- Parliament Building
- Interactive map of the Georgian Parliament Building area

General information
- Location: Irakli Abashidze Street, Kutaisi, Georgia
- Coordinates: 42°15′52″N 42°39′35″E﻿ / ﻿42.264511°N 42.659655°E
- Construction started: 2011
- Inaugurated: 26 May 2012
- Cost: USD 83,000,000
- Client: Kutaisi City Hall
- Owner: Parliament of Georgia

Technical details
- Floor area: 40,000 square metres (430,000 ft^{2})

Design and construction
- Architect: Alberto Domingo Cabo
- Architecture firm: CMD Ingenieros
- Structural engineer: Carlos Lázaro Fernández
- Civil engineer: Juliane Petri, Francisco Palacios Climent
- Other designers: Mamoru Kawaguchi, Kenichi Kawaguchi

Website
- newparliamentgeorgia.com

= Georgian Parliament Building (Kutaisi) =

Public building in Kutaisi, Georgia

The Georgian Parliament Building in Kutaisi (საქართველოს პარლამენტის შენობა ქუთაისში) was constructed from 2011 to 2012 in Kutaisi, traditionally the second most important city of Georgia, 231 km west of Tbilisi, the nation's capital, to house the Parliament of Georgia. Built by the Spanish architecture firm CMD Ingenieros, the building was inaugurated on 26 May 2012 and, according to the respective constitutional clause, became the main seat of the newly elected Parliament in October 2012 until the legislature moved back to Tbilisi in January 2019.
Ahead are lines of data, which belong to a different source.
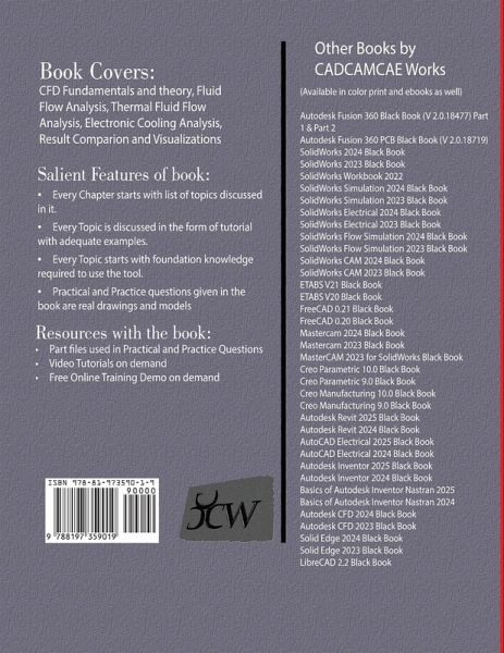 The Autodesk CFD 2024 Black Book, is New and updated 4th edition of our series on Autodesk CFD. The book is targeted for beginners of Autodesk CFD. This book covers the basic equations and terms of Fluid Dynamics theory. The book covers all the major tools of Flow Simulation modules like Fluid Flow, Thermal Fluid Flow, and Electronic Cooling modules. This book can be used as supplement to Fluid Dynamics course if your subject requires the application of Software for solving CFD problems. Some of the salient features of this book are: In-Depth explanation of concepts Every new topic of this book starts with the explanation of the basic concepts. In this way, the user becomes capable of relating the things with real world. Topics Covered Every chapter starts with a list of topics being covered in that chapter. In this way, the user can easy find the topic of his/her interest easily. Instruction through illustration The instructions to perform any action are provided by maximum number of illustrations so that the user can perform the actions discussed in the book easily and effectively. There are about 700 illustrations that make the learning process effective. Tutorial point of view The book explains the concepts through the tutorial to make the understanding of users firm and long lasting. Practical of the book are based on real world projects. For Faculty If you are a faculty member, then you can ask for video tutorials on any of the topic, exercise, tutorial, or concept. As faculty, you can register on our website to get electronic desk copies of our latest books, self-assessment, and solution of practical. Faculty resources are available in the Faculty Member page of our website (www.cadcamcaeworks.com) once you login. Note that faculty registration approval is manual and it may take two days for approval before you can access the faculty website.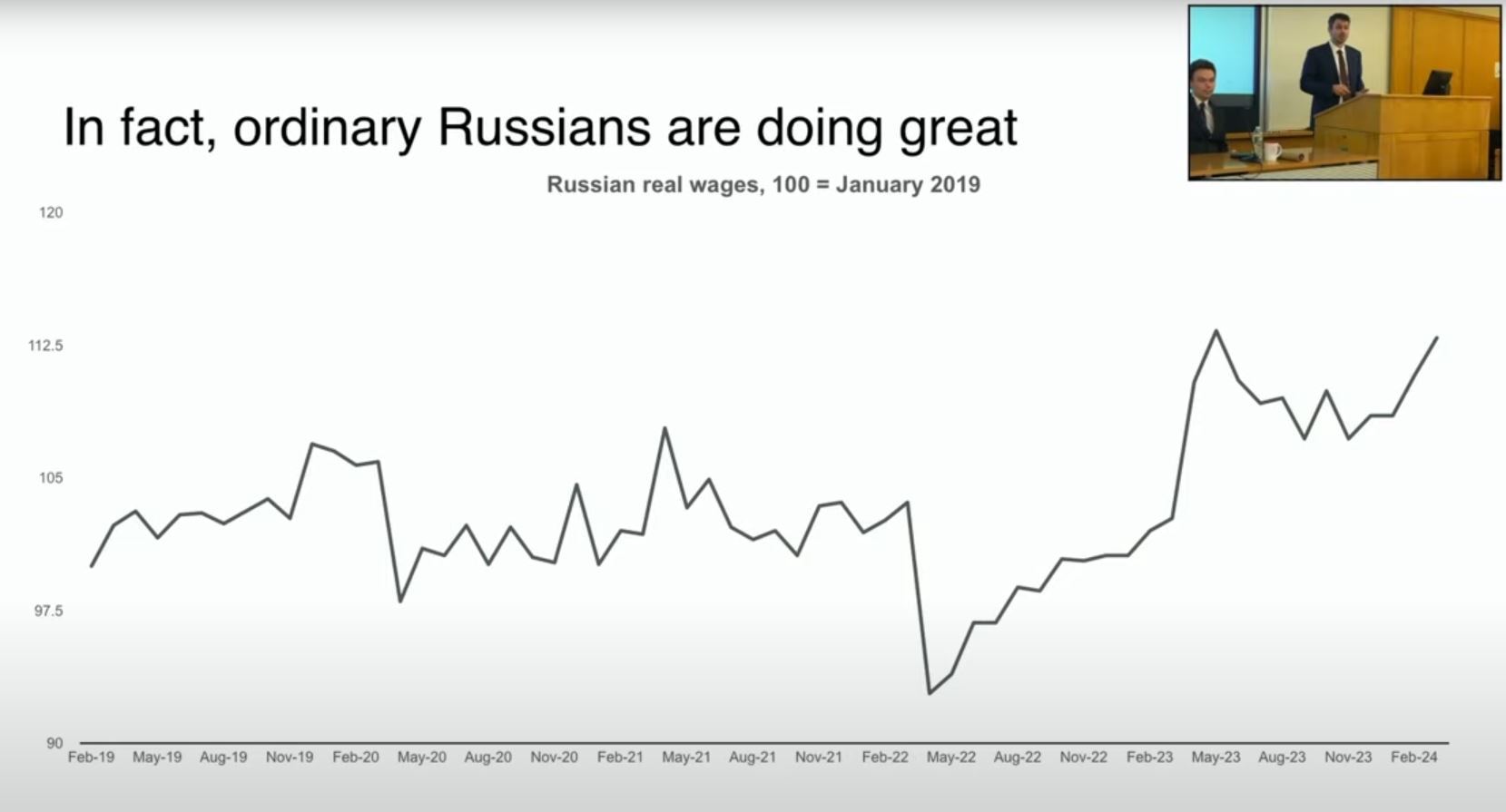 Die letzte von ihm in diesem Zusammenhang gezeigte Grafik ist vielleicht auch die aussagekräftigste. Es geht um die realen Einkommen, also die inflationsbereinigten Löhne russischer Haushalte.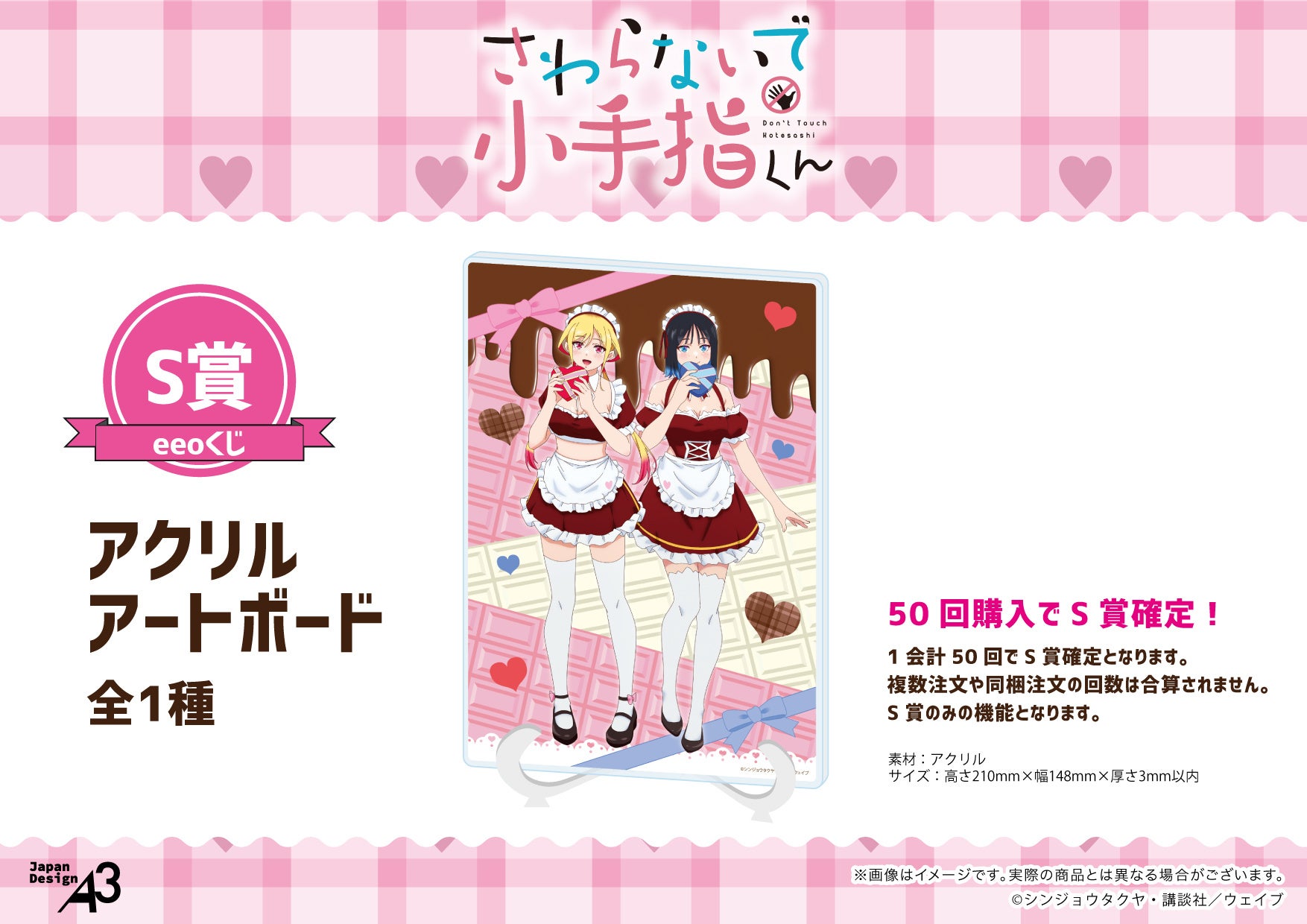 S賞は、A5サイズ(21cm×14.8cm)のアクリルアートボード。“メイドバレンタイン”をテーマにした、セクシー&キュートなアロマとあおばに胸キュン間違いなしです♪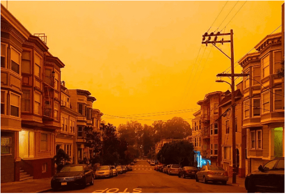 金门气象服务机构的气象学家扬·诺尔(Jan Null)给出了解释:我们上空汇聚了有三至四个不同的烟雾层,这些烟雾来自俄勒冈和北加州的多场野火;野火造成的大量烟雾被大火产生的热量推到大气中,盘旋在城市的高空;也正因为大部分烟雾处于高空,所以人们看到天空变了色,但却闻不到太多烟味。不过其中体积较大的烟尘颗粒会从空中落下,落在我们的车子屋顶上。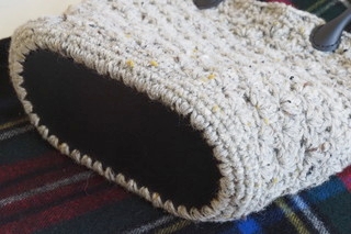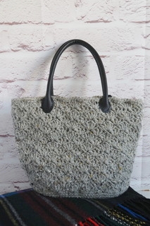 自分用にバッグを編みました。グレーがベースになっていて、からし色や黒、白などのネップがランダムに入っている、ナチュラルだけれどさりげないアクセントがある毛糸を使用しています。シックな色なので、編み方を曲線がきれいな松編みにしました。ぼこぼことボリュームがある編み地も暖かみがあって好きです。持ち手は合皮のものを付けました。底は100円ショップで購入した底板を使用しています。物を入れたときに形が崩れず、かっこよく持てそうです。実はこのバッグの毛糸は、数年前にスヌードを編んだ毛糸です。ケーブル編みを入れて、首周りをおしゃれに飾ってくれるかたと思っていたのですが、肌触りが思ったより良くなくて、ほどいてしまったのでした。そして今回バッグを編むのに使ったのです。バッグなら肌に直接触れることは少ないですし、うまく再利用できたなぁと思っています。どんな色の服でも合わせやすいグレーのバッグ。この冬たくさん使いたいなと思います♪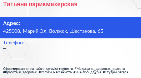 Татьяна, парикмахерская по адресу 425008, Марий Эл, Волжск, Шестакова, 6Б в дальнейшем Организация, размещена в следующих категориях: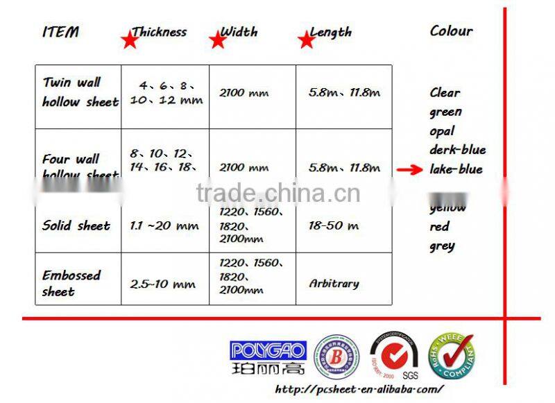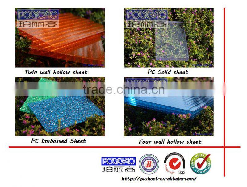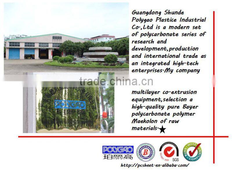 polygao series plates are imported from Bayer Markrolin polycarbonate polymer raw material productior Single 50 ultraviolet resistant,anti-aging,anti yellowing,all provide ten years warranty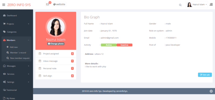 Project Management System allows multiple admin and multiple members.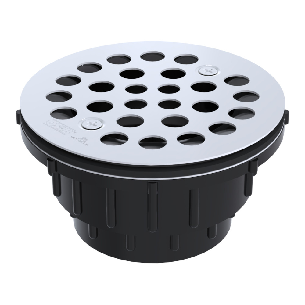 Shower drain shall be 2 piece, 2″ ABS outlet with 4-1/4″ round screw-in grate.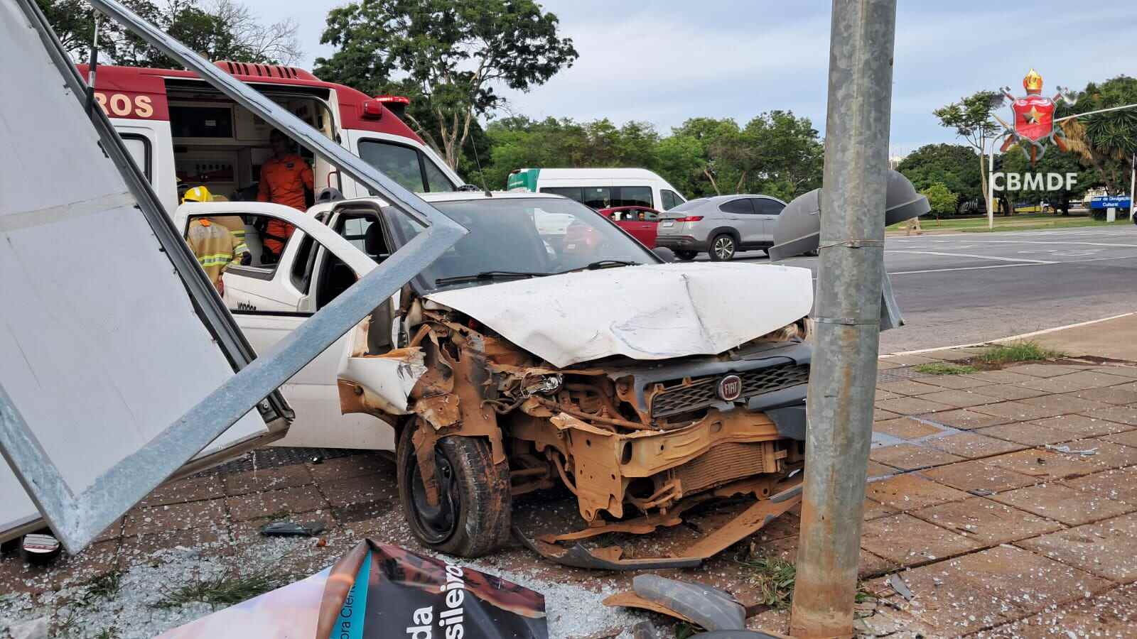 Uma colisão entre um ônibus do transporte coletivo e um Fiat Strada provocou um acidente de grandes proporções na Via N1, próximo ao Centro de Convenções Ulysses Guimarães, no Plano Piloto, na tarde desta terça-feira (25). Depois do impacto inicial, o carro perdeu o controle, subiu no canteiro, destruiu uma parada de ônibus e atingiu um poste de iluminação pública.
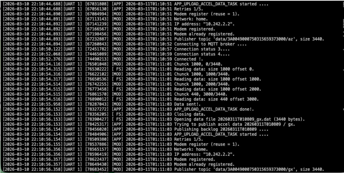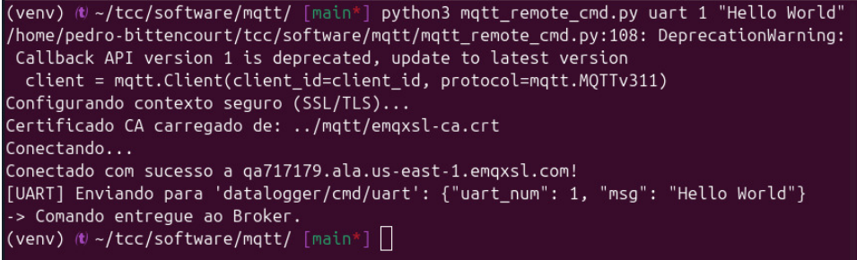 Monitoramento e Interação via MQTT: Scripts adicionais foram criados para realizar a subscrição e o envio de parâmetros. O script de subscrição permite monitorar no terminal do computador o fluxo de logs despachados pelo datalogger remotamente em tempo real. Já o de interação serve para injetar comandos remotos via publicação de mensagens, o que viabiliza, por exemplo, enviar comandos “AT” para um dispositivo em campo através da UART da ferramenta de diagnóstico.
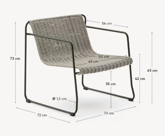 Design chair It was made of galvanized steel, which ensures high resistance to rust and corrosion, as well as durability even in demanding weather conditions. The seat and back, created from a hand -woven UV -resistant rope, guarantee comfort and subtle, openwork aesthetics.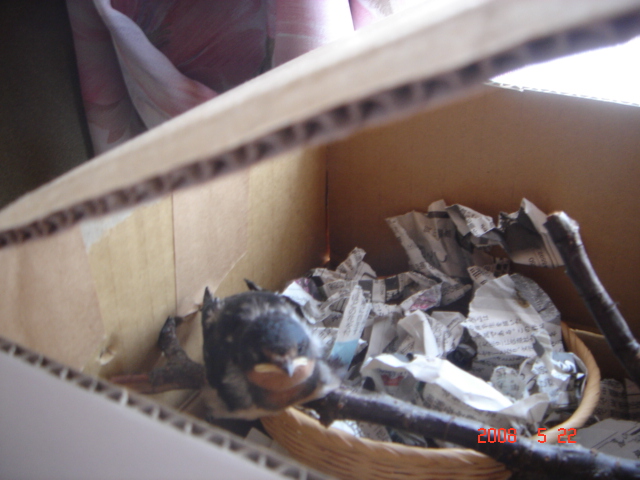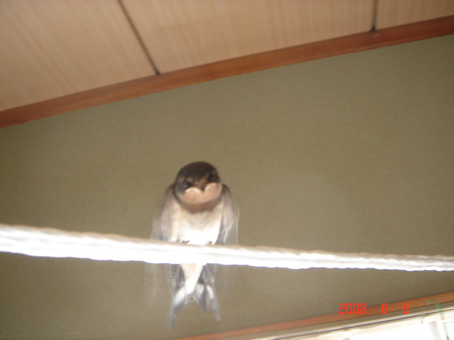 ↓保護して二週間目のツバメ。デジカメもケイタイも嫌いらしく、写真を撮ろうとすると逃げるので、きれいに写真が撮れません(笑)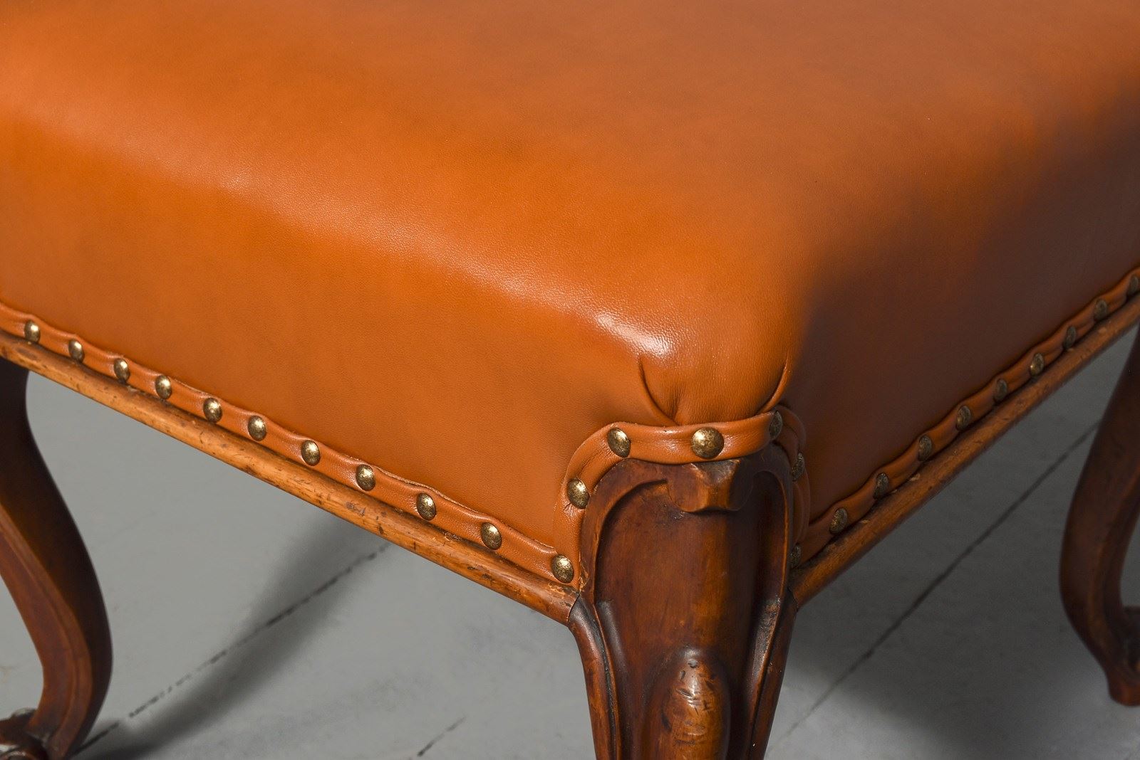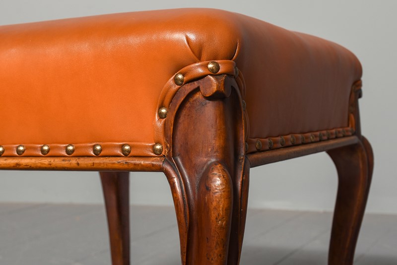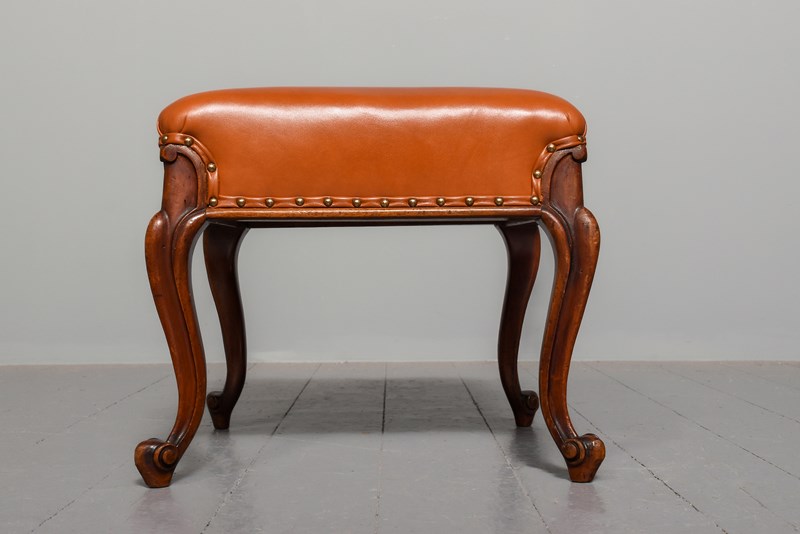 Circa 1860. Mid-Victorian mahogany leather upholstered stool on cabriole legs. The stool with a newly upholstered top and sides in finest quality tan leather with brass studding and supported on fluted cabriole legs with scrolled knees and toes. Lovely colour and patina.

The exterior of the building is dominated by a 100 m by 150 m oval-shaped great glass and steel dome ploughed by a roof-like concrete element that rests on the vault. It was constructed on the initiative of then-President of Georgia Mikheil Saakashvili on the site of the Glory Memorial to Soviet soldiers of World War II; the monument was demolished with explosives to free space for the construction in December 2009, accidentally killing two people, a mother and a daughter. The government, during the building's construction, promoted it as a symbol of Georgia's bright, democratic future. Its location in Kutaisi was touted as a boost for the regional economy there as well as a way to knit the country closer together. Critics state that the building is a waste of money, and that having Parliament in Kutaisi, while the rest of the government remains in Tbilisi, is inefficient. Saakashvili argued that the relocation would attract development to Kutaisi and provide security for the parliament in case of an invasion, as Tbilisi is closer to Russian-controlled areas.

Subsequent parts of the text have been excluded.